In Tel-Aviv about ten years ago Orit, a girl soldier in Zahal's education corps gets a double assignment: to write a brochure on Israeli Identity, and help in the assimilation of a fellow military educationalist, a lonely immigrant from Canada. A quest for love and self-knowledge that makes for an inventive, witty, and rhyming take on Pushkin's Yevgeni Onegin. A bit like Vikram Seth's The Golden Gate, it is totally Israeli and absolutely absorbing, asking tough questions in an engagingly light way.
Maya Arad was born in Israel (1971) and grew up in Kibbutz Nahal-Oz. She graduated in Classics and Linguistics at the Tel Aviv University and has a Ph.D. in Linguistics from London University. She taught at Stanford University.
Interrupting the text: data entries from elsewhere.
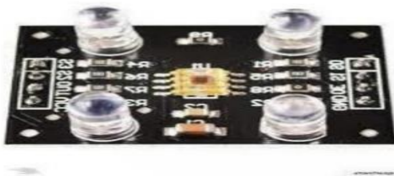
Fig. Colour Sensor TCS230

The TCS230 is a programmable color sensing module equipped with GY-31 light-to-frequency converter that combines configurable 8x8 silicon photodiode array as single monolithic CMOS integrated circuit. The output is a square wave (50 percentage duty cycles) with frequency directly proportional to light intensity (irradiance). The full scale output frequency can be scaled by one of three preset values via two control input pins. Digital inputs and digital output allow direct interface to a microcontroller or other logic circuitry. Output enable (OE) places the output in the high impedance state for multiple units sharing of a microcontroller input line. The light-to-frequency converter reads an 8 x 8 array of photodiodes. Sixteen photodiodes have blue filters, 16 photodiodes have green filters, 16 photodiodes have red filters, and 16 photodiodes are clear with no filters. The four types (colors) of photodiodes are inter-digitized to minimize the effect of non-uniformity of incident irradiance. All 16 photodiodes of the same color are connected in parallel and which type of photodiode the device uses during operation is pin-selectable. Photodiodes are 120 mm x 120 mm in size and are on 144-mm center.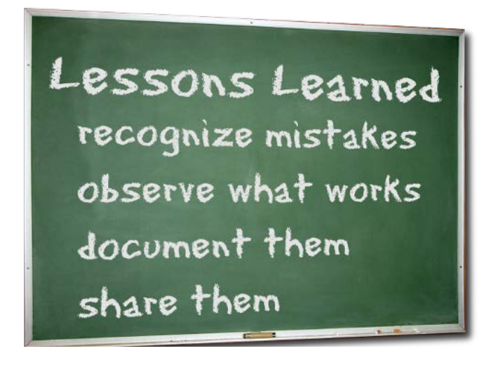
About ... The K-12 School Security Task Force

✓ Next Steps of Safer Schools for a Better Tomorrow Intiative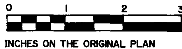
INCHES ON THE ORIGINAL PLAN

ANDREWS SURVEY & ENGINEERING, INC. UXBRIDGE, MASS.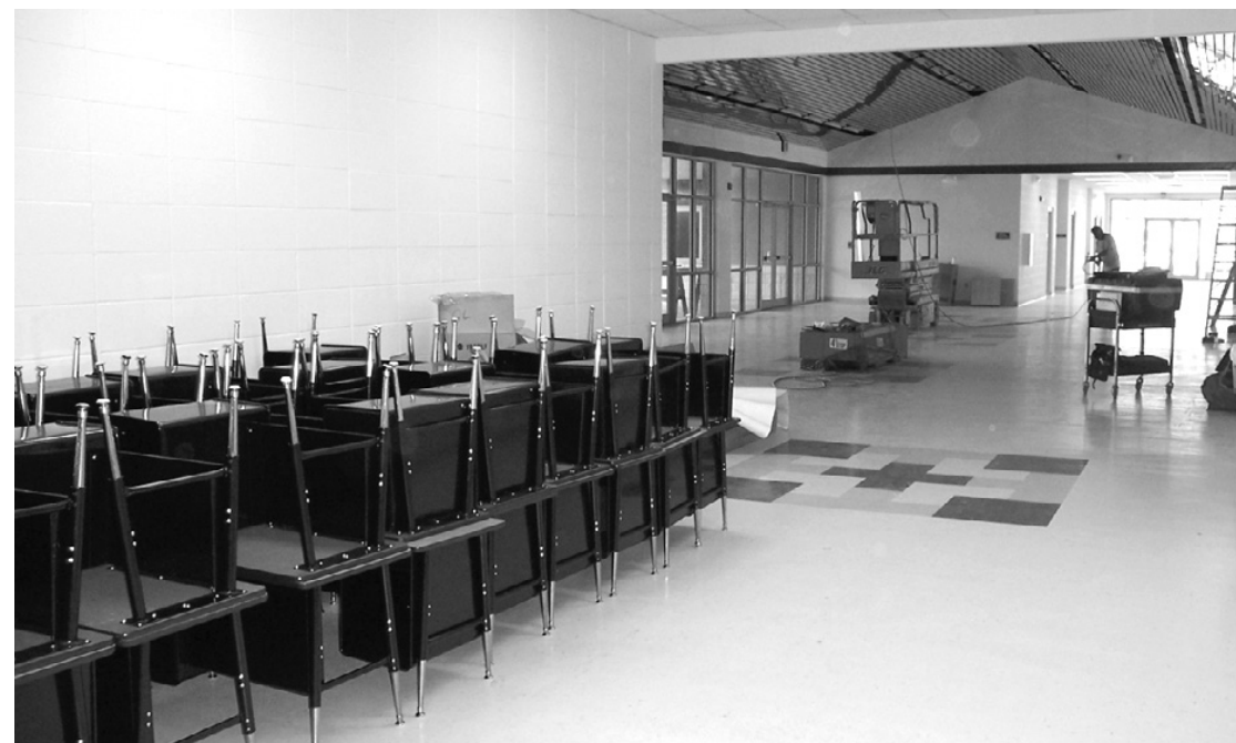
NEW DESKS await delivery to their rooms in the new elementary addition to Grand Lake School.

Her first book Another Place, a Foreign City, a novel in rhymes, also published by Xargol, won the Ministry of Education and Culture award and in 2005 was Shortlisted for the Sapir prize (the Israeli Booker). In 2006 it was performed as a play at the Cameri Theater.
After having examined the funnier and less glamorous aspects of academic life in the critically acclaimed best seller Seven Moral Failings (2006), she published in 2008 a collection of three novellas, Family Pictures, examining family life.
"Not only a work of linguistic virtuosity, but a novel that has a plot, characters and a live and clear real world. Moreover, it touches in a painful and original way the roots of the Israeli identity."
A. B. Yehoshua
"A brilliant and profound novel."
Ha'aretz
"Wonderful, witty and full of humour."